Several pharmacoeconomic analyses of rituximab in B-cell NHL have been conducted and most have been published only as abstracts. Cost analyses from the UK, France, the US and Spain indicate that rituximab is associated with total direct medical costs similar to or lower than those for fludarabine in patients with relapsed or refractory indolent B-cell NHL (usually follicular or small lymphocytic subtypes when histology was specified). The higher acquisition costs of rituximab compared with fludarabine were at least offset by reduced costs associated with adverse haematological effects (e.g. neutropenia) and drug administration. Although results were equivocal in cost comparisons between rituximab and CHOP chemotherapy in patients with relapsed or refractory indolent B-cell NHL, total direct medical costs appear to be broadly similar for rituximab and CHOP.
In cost-effectiveness analyses of rituximab in patients with aggressive B-cell NHL, investigators from France and the UK used medical resource consumption and survival data from the pivotal trial in patients with diffuse large B-cell lymphoma to determine the cost-effectiveness ratio for rituximab plus CHOP versus CHOP alone. When survival data from a protocol-scheduled interim analysis, or from 2-year follow-up data, of the pivotal trial were projected over 10 years using published long-term survival data, favourable cost-effectiveness ratios of approximately €22 150-€28 410 per life-year gained were calculated (year of costing not reported). Results were sensitive to the durability of the survival benefit and assumed that the survival benefit shown during the study period persists to 10 years.
Dosage and Administration
The standard dose of rituximab is 375 mg/m2 administered as an intravenous infusion to adult patients. However, the recommended dosage interval and duration of therapy varies between countries and for different indications (see Therapeutic Use summary section for approved indications in the US and Europe). For patients with relapsed or refractory follicular B-cell lymphoma (the most common histology of indolent NHL), rituximab is administered once weekly for 4 weeks (European recommendation) or for 4 or 8 weeks (US recommendation). For patients with diffuse large B-cell lymphoma (the most common aggressive form of NHL), rituximab is used in combination with CHOP chemotherapy for 6–8 cycles and is administered on day 1 of each cycle (European recommendation).

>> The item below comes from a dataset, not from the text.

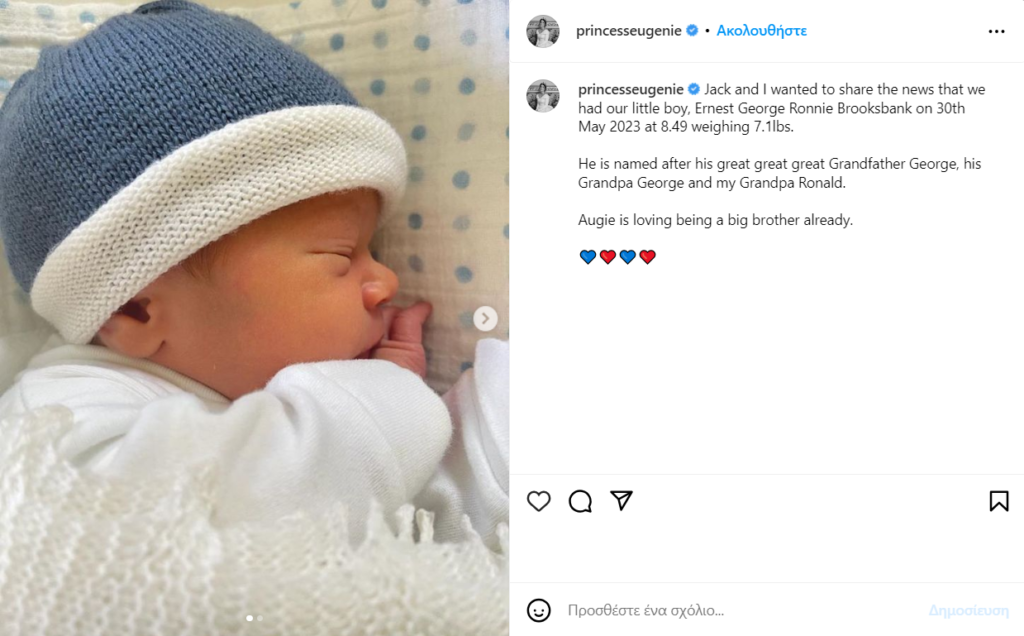 «Ο Τζακ και εγώ θέλαμε να μοιραστούμε τα νέα ότι αποκτήσαμε το μικρό μας αγόρι, τον Έρνεστ Τζορτζ Ρόνι Μπρούκσμπανκ στις 30 Μαΐου 2023 στις 8:49 και ζύγιζε 3,203 κιλά. Πήρε το όνομά του από τον μεγάλο του παππού Γιώργο, τον παππού του Γιώργο και τον παππού μου Ρόναλντ. O Augie λατρεύει ήδη το να είναι ο μεγάλος αδερφός», έγραψε η πριγκίπισσα Ευγενία στο post της.
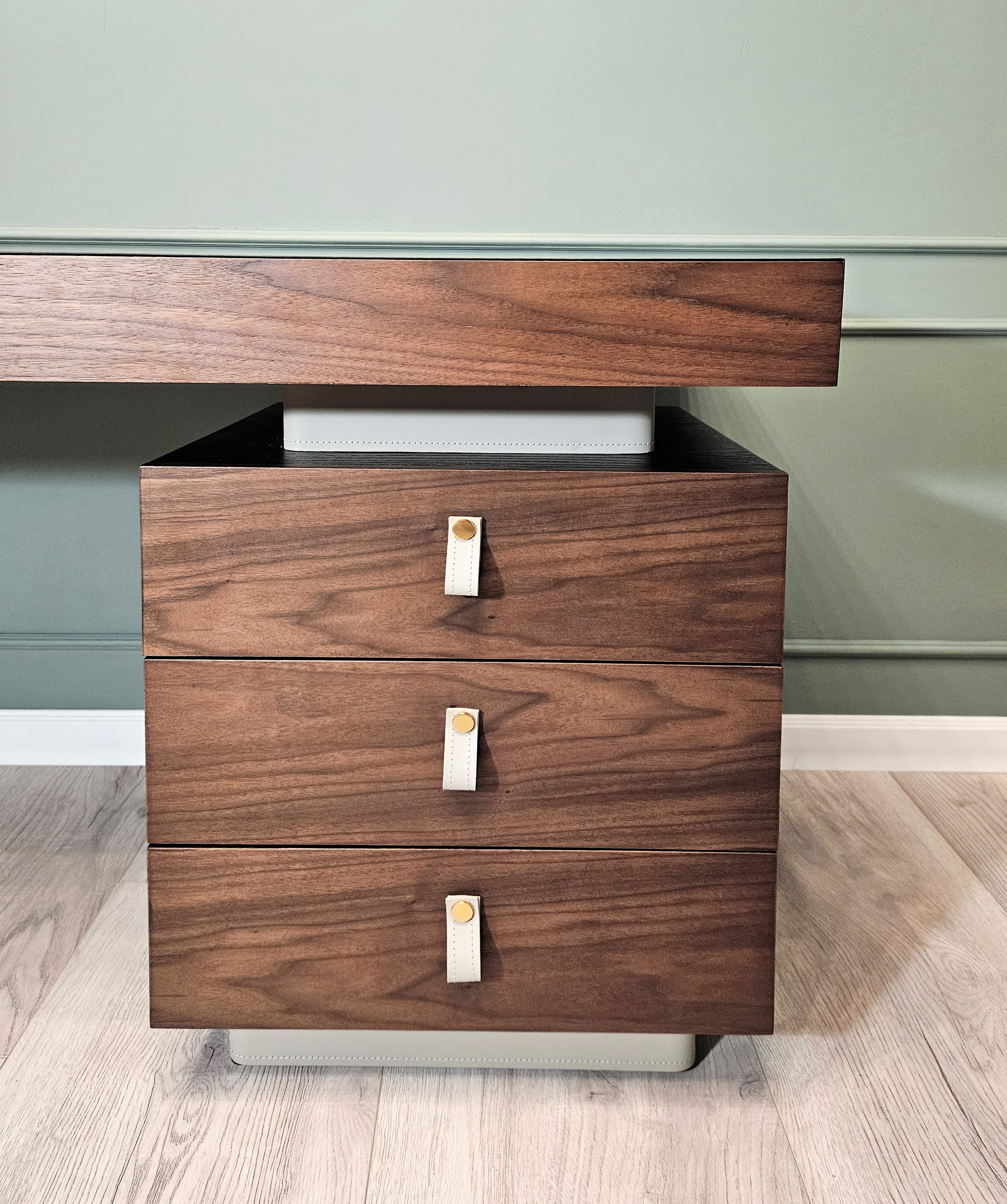 Цоколь, верхняя вставка тумбы и ручки-петли отделаны экокожей, цвет серо-бежевый.

For the first dose of rituximab, the initial infusion rate should be 50 mg/h for the first 30 minutes, which is increased in 50 mg/h increments every 30 minutes, to a maximum of 400 mg/h. For subsequent doses, the initial infusion rate is 100 mg/h, which is increased by 100 mg/h increments at 30-minute intervals, to a maximum of 400 mg/h.
For patients who do not tolerate the first dose of rituximab well, subsequent rituximab doses should be administered according to recommendations for the first infusion (US recommendation). For patients who experience severe infusion-related reactions with rituximab, therapy should be interrupted and supportive care measures implemented. After complete resolution of symptoms, rituximab infusion can continue at half the previous rate in most patients.